Report: The International Survey of Institutional Digital Repositories

The company Research and Markets Ltd. has issued a reported entitled "The International Survey of Institutional Digital Repositories (cost EUR 96). The report description says:
The study presents data from 56 institutional digital repositories from eleven countries, including the USA, Canada, Australia, Germany, South Africa, India, Turkey and other countries. The 121-page study presents more than 200 tables of data and commentary and is based on data from higher education libraries and other institutions involved in institutional digital repository development.

In more than 300 tables and associated commentary the report describes norms and benchmarks for budgets, software use, manpower needs and deployment, financing, usage, marketing and other facets of the management of international digital repositories.

The report helps to answer questions such as: who contributes to the repositories and on what terms? Who uses the repositories? What do they contain and how fast are they growing, in terms of content and end use? What measures have repositories used to gain faculty and other researcher participation? How successful have these methods been? How has the repository been marketed and cataloged? What has been the financial impact? Data is broken out by size and type of institution for easier benchmarking.
The web site gives a table of contents and a short sample.

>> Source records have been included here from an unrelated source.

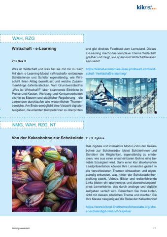 bildungswerkstatt233. Zyklus Im Zentrum stehen die Fragen %u00abWann ist ein Handel f%u00fcr alle Beteiligten fair?%u00bb und %u00abWie kann ich zufairem Handel beitragen?%u00bb. Aber auch die Auswirkungen eines ungerechten Handelssystems unddessen Folgen f%u00fcr beteiligte Parteien wird aufgezeigt. Im Werkstatt-Unterricht k%u00f6nnen anhand vonverschiedenen Produkten die Voraussetzungen undpositiven Auswirkungen im Einzelfall betrachtet underarbeitet werden.https://www.kiknet-maxhavelaar.org/ Globale Entwicklung und FriedenWirtschaft und KonsumFairer HandelAlbert Schweitzer Z3 / Sek IIWas ist Wirtschaft und was hat sie mit mir zu tun? Mit dem e-Learning-Modul %u00abWirtschaft%u00bb entdecken Sch%u00fclerinnen und Sch%u00fcler eigenst%u00e4ndig, wie Wirtschaft ihren Alltag beeinflusst und welche Zusammenh%u00e4nge dahinterstecken. Vom Grundverst%u00e4ndnis %u201eWas ist Wirtschaft?%u201c %u00fcber spannende Einblicke in Preise und Kosten, Werbung und Konsumverhalten bis hin zu Steuern und staatlicher Regulierung %u2013 die Lernenden durchlaufen alle wesentlichen Themenbereiche. Am Ende erm%u00f6glicht eine Vielzahl digitaler Aufgaben, die erlernten Kompetenzen zu %u00fcberpr%u00fcfen WAH, RZGWirtschaft - e-Learning 2. / 3. ZyklusDas digitale und interaktive Modul %u00abVon der Kakaobohne zur Schokolade%u00bb bietet Sch%u00fclerinnen und Sch%u00fclern die M%u00f6glichkeit, eigenst%u00e4ndig zu entdecken, wie aus einer unscheinbaren Bohne eine beliebte S%u00fcssigkeit wird. Dank einer klar strukturierten Leadpr%u00e4sentation k%u00f6nnen Ihre Lernenden gezielt in die verschiedenen Themen eintauchen und eigenst%u00e4ndig erkunden, was hinter der Schokoladenherstellung steckt. Videos, Bilder und weiterf%u00fchrende Links bieten ein spannendes und abwechslungsreiches Lernerlebnis, das durch analoge und digitale Aufgaben vertieft wird. Bereichern Sie Ihren Unterricht mit diesem k%u00f6stlichen Thema und machen Sie Ihre Klasse neugierig auf die Reise der Kakaobohne!https://www.kiknet-lindthomeofchocolate.org/choco-schule/digit-modul-2-3-zyklus/ NMG, WAH, RZG, NTVon der Kakaobohne zur Schokolade und gibt direktes Feedback zum Lernstand. Dieses E-Learning macht das komplexe Thema Wirtschaftgreifbar und zeigt, wie spannend Wirtschaftswissensein kann!https://kiknet-economiesuisse.jimdoweb.com/wirtschaft-1/wirtschaft-e-learning/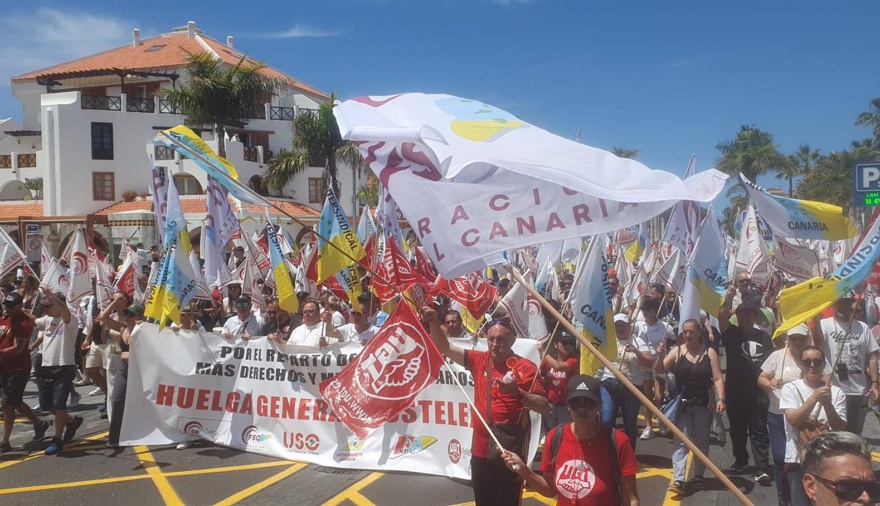Unas 2.000 personas se manifestaron en la jornada de este pasado viernes en Adeje (Tenerife) bajo el lema 'Por el reparto de la riqueza. Más derechos y mejores salarios' y en el marco de la huelga general de hostelería en la provincia de Santa Cruz de Tenerife, según datos que la Delegación del Gobierno en Canarias ha facilitado a Europa Press.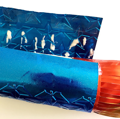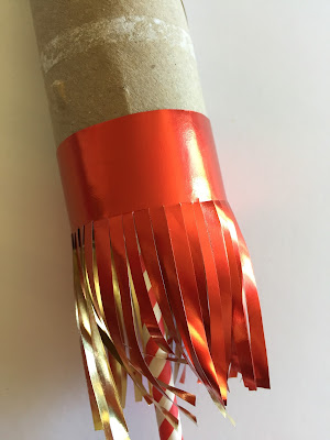 Adhere the fringe to the bottom part of your rocket with the tacky glue, but use a bit of double sided tape to secure the end flap. - Foil on foil.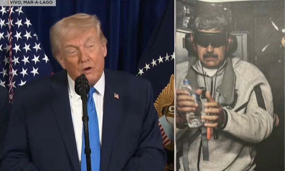 Durante entrevista coletiva à imprensa, Nicolas Maduro aparece vendado segurando uma garrafa plástica; Foto: Reprodução/Meganoticias/Redes sociais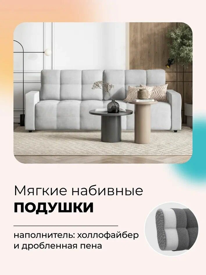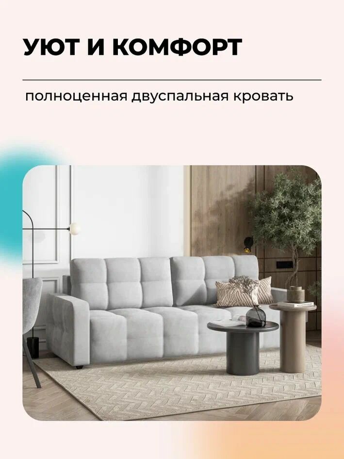 Диван-кровать DANDY Euro SE, с ящиком для хранения, велюр Monolit серый, 233x103x91 см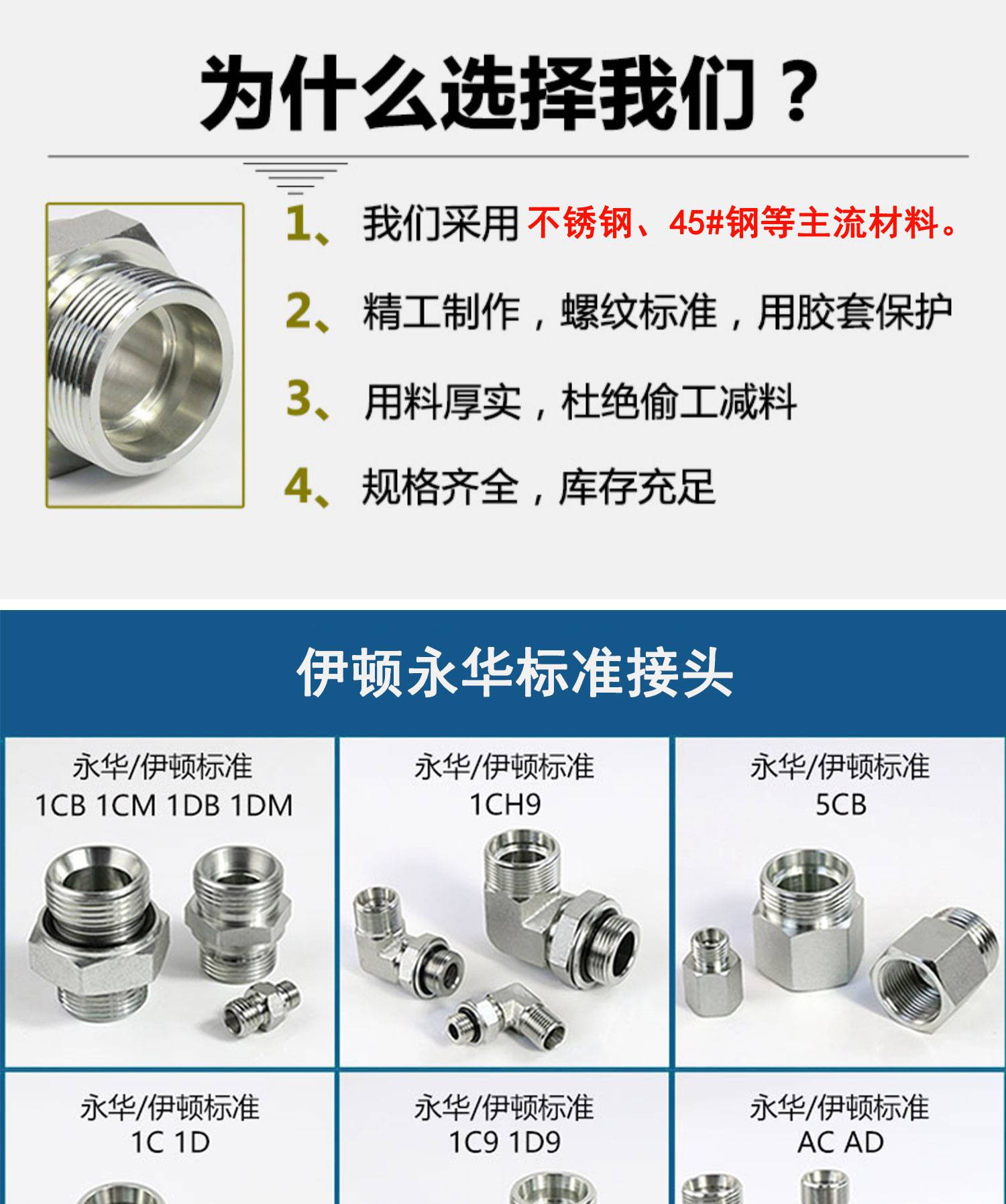 304不锈钢伊顿永华标准液压接头 直通对丝弯头厂家定制加工生产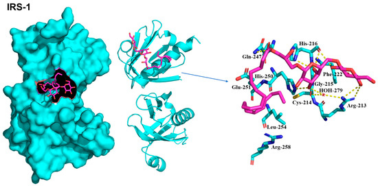 Docking model for IRS-1 (PDB ID:1QQG). The receptor and ligand are shown in cartoon (cyan color) and stick (magenta color), respectively.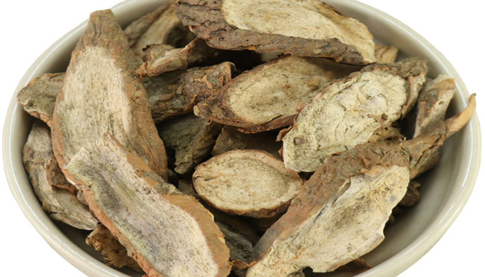 【药材性状】本品纵瓣呈长圆形或近纺锤形,长4~10cm,直径1~2cm。切面周边常向内卷曲,中部有1突起的棱线。外皮红棕色或红褐色,有纵皱纹、细横纹及横长皮孔,易层层脱落,脱落处呈淡红棕色。斜片呈卵圆形,长2.5~5cm,宽2~3cm。切面类白色或浅红棕色,可见放射状纹理,周边较厚,微翘起或略弯曲。体轻,质硬脆,易折断,折断时,有粉尘飞出。气微,味甘。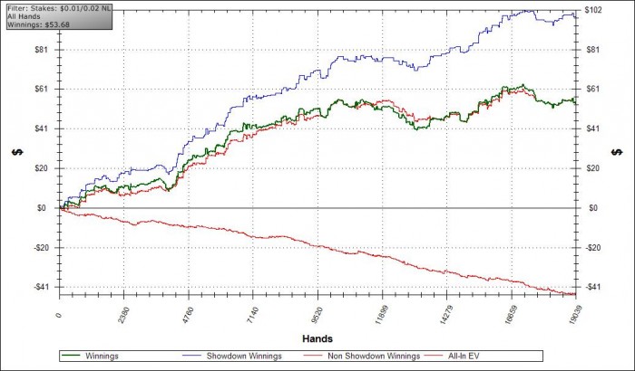 Много колишь 3бетов...наверняка туда утекает значительная часть винрейта. Неплохо бы ещё вывести эффективность кола на ривере...думаю там тоже меньше двух будет.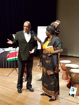 Kwasi Koorndijk neemt boek in ontvangst tijdens presentatie 5de boek Krofaya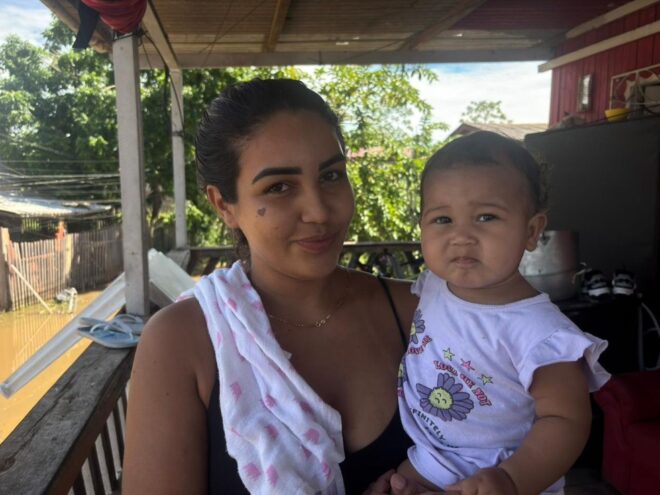 O nível do rio continua subindo mesmo sem chuva: na medição das 9h desta segunda-feira (29), marcava 15,36 metros, um aumento de 42 centímetros em 24 horas sem precipitação. A surpresa com a cheia em dezembro foi expressa por moradores como Janaína Brenna, de 22 anos, que vive no bairro Seis de Agosto: “Ninguém estava esperando […] é mais para fevereiro e março. E ainda assim, Natal, Ano Novo, você pensa que quando vai festejar, vem isso”.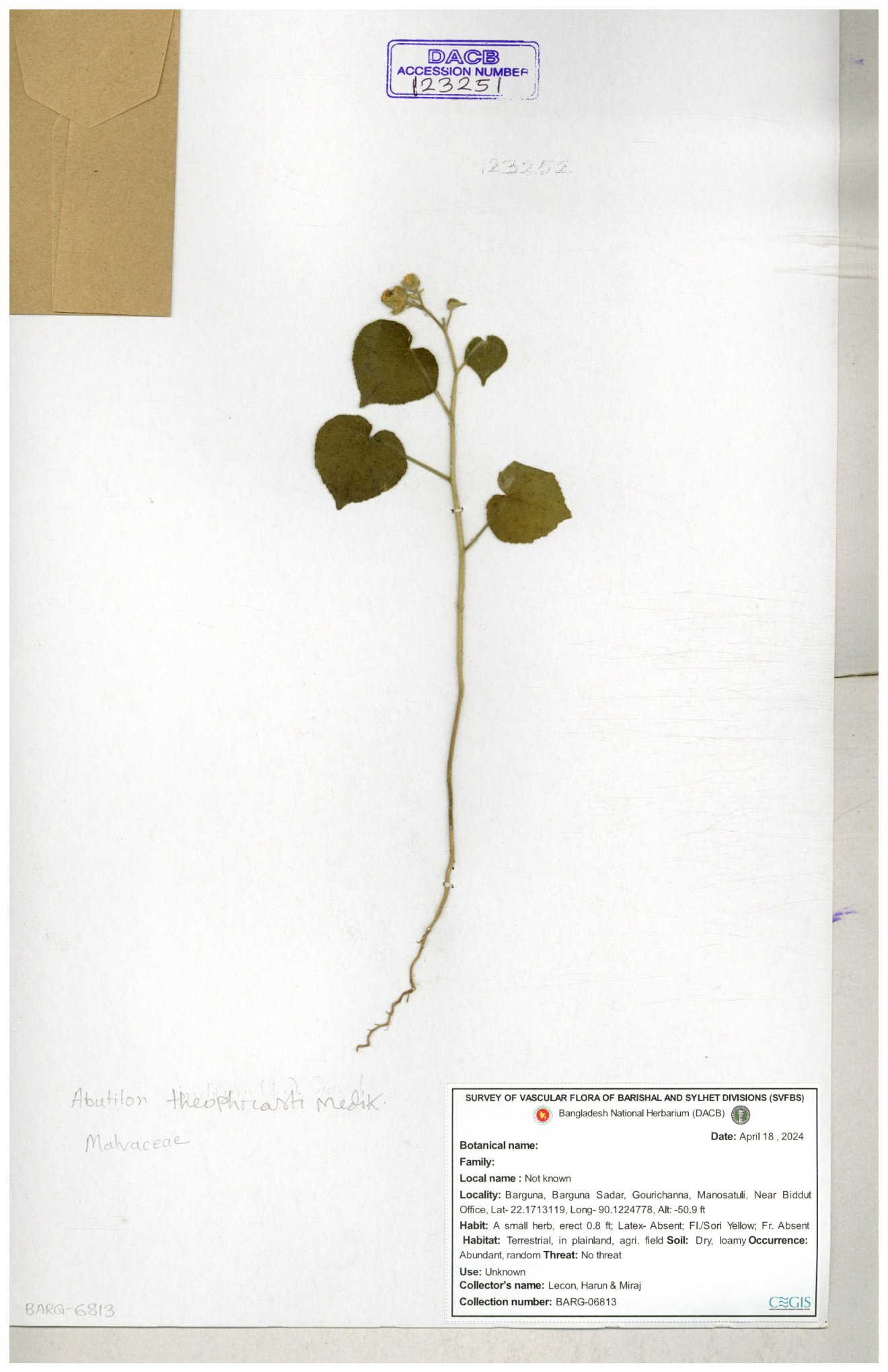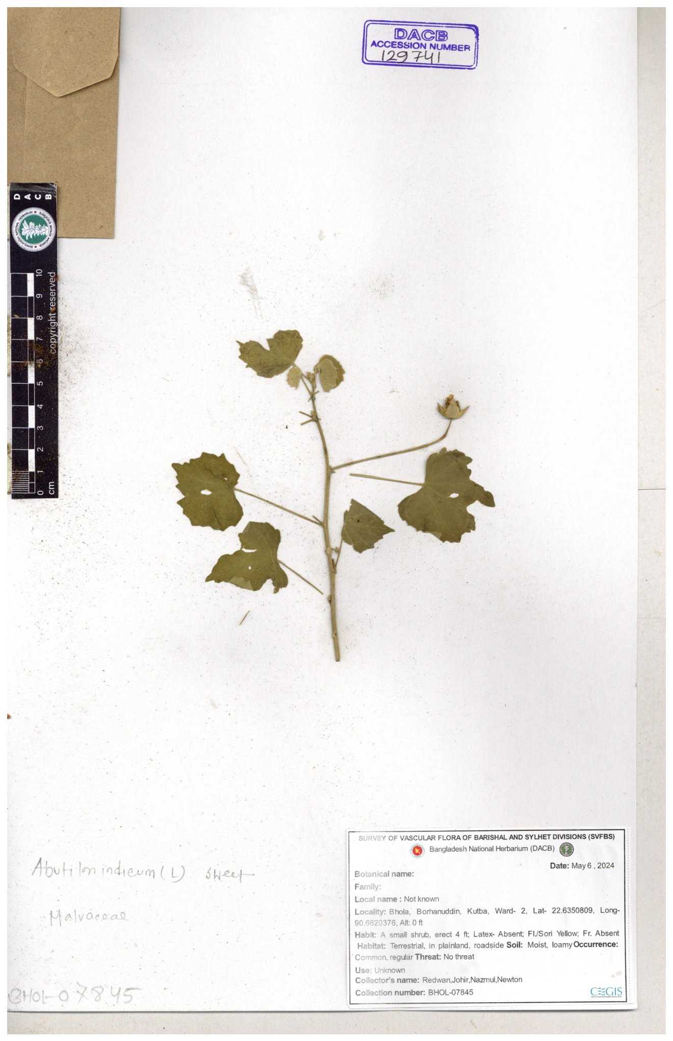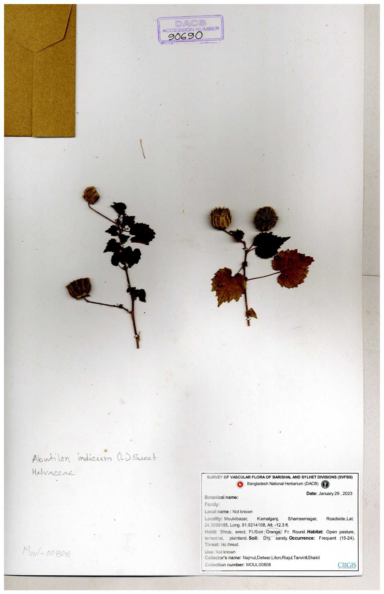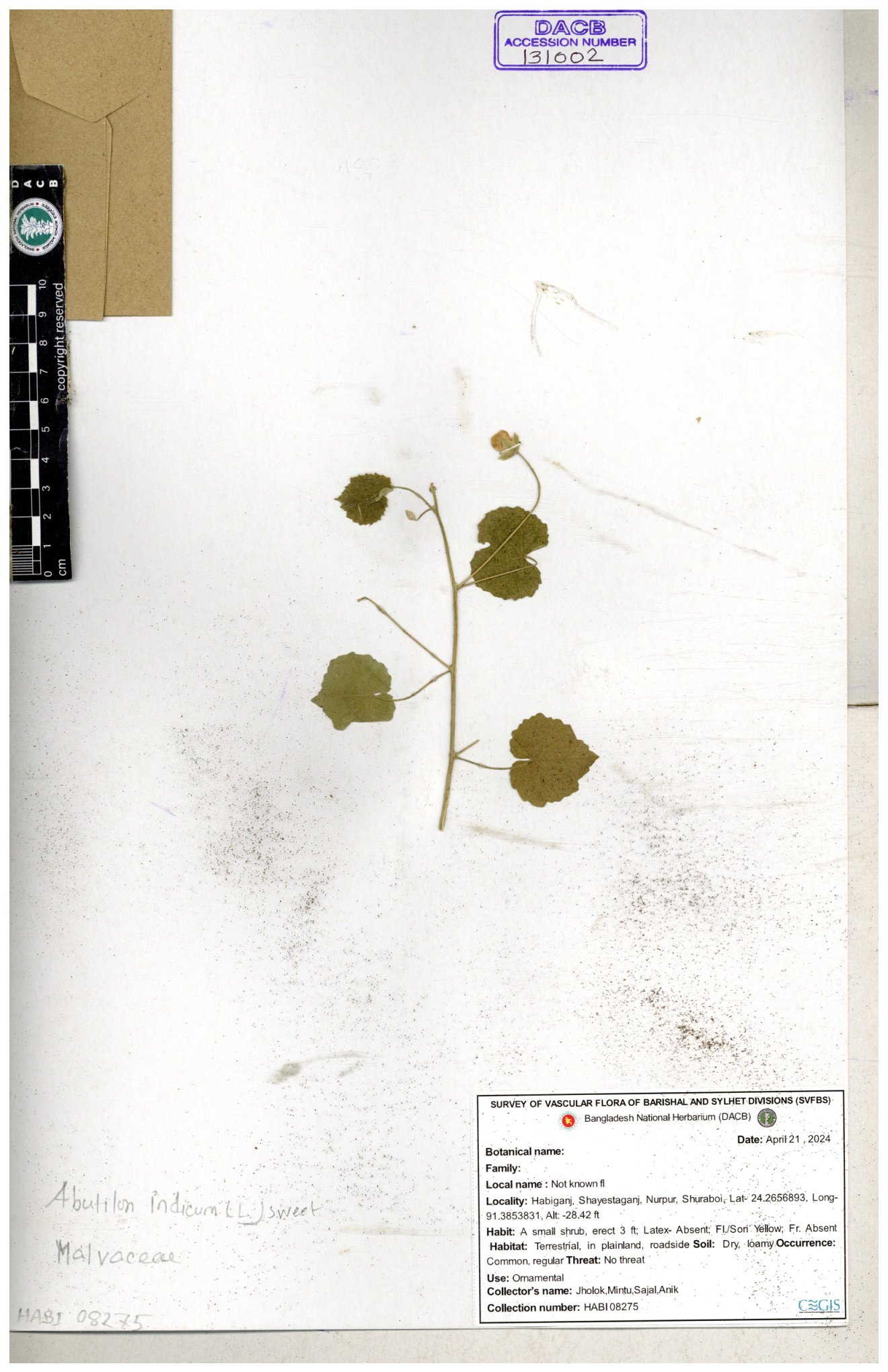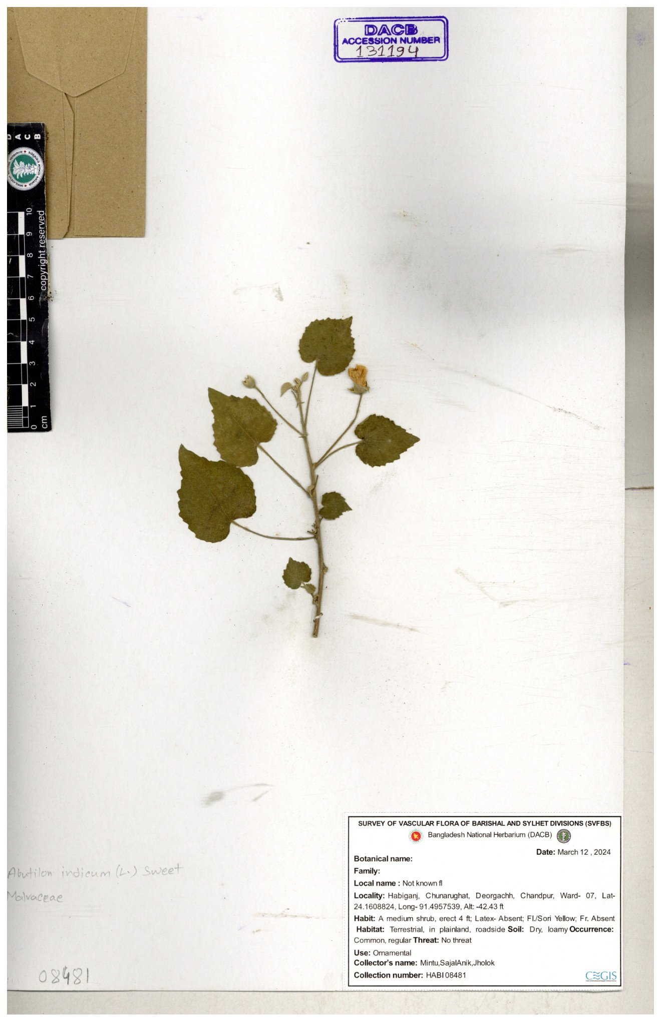 | 39941 | Malvaceae | Abutilon theophrasti Medik. | Harun & Rahman | SH- 584 22-08-2001 |

If you've never ordered a professional report before, you're first question will be "is it worth it?" Good question. EUR 96 ($
138) may not be a lot of money for some organizations. And it might be what some are willing to pay for specific pieces of data. Experience has taught me that if you are willing to pay the report's cost for a few key data points, then it's worth it. For example, are they specific pages in the table of contents that you view as being "must haves"? If the answer is "yes" and you can bear the cost, then do it. If you can't see any data that you need or the cost is too much, then don't order the report. It could be that the data is actually available elsewhere (sometimes that's true) or that you can use other -- more readily available data -- as a substitute.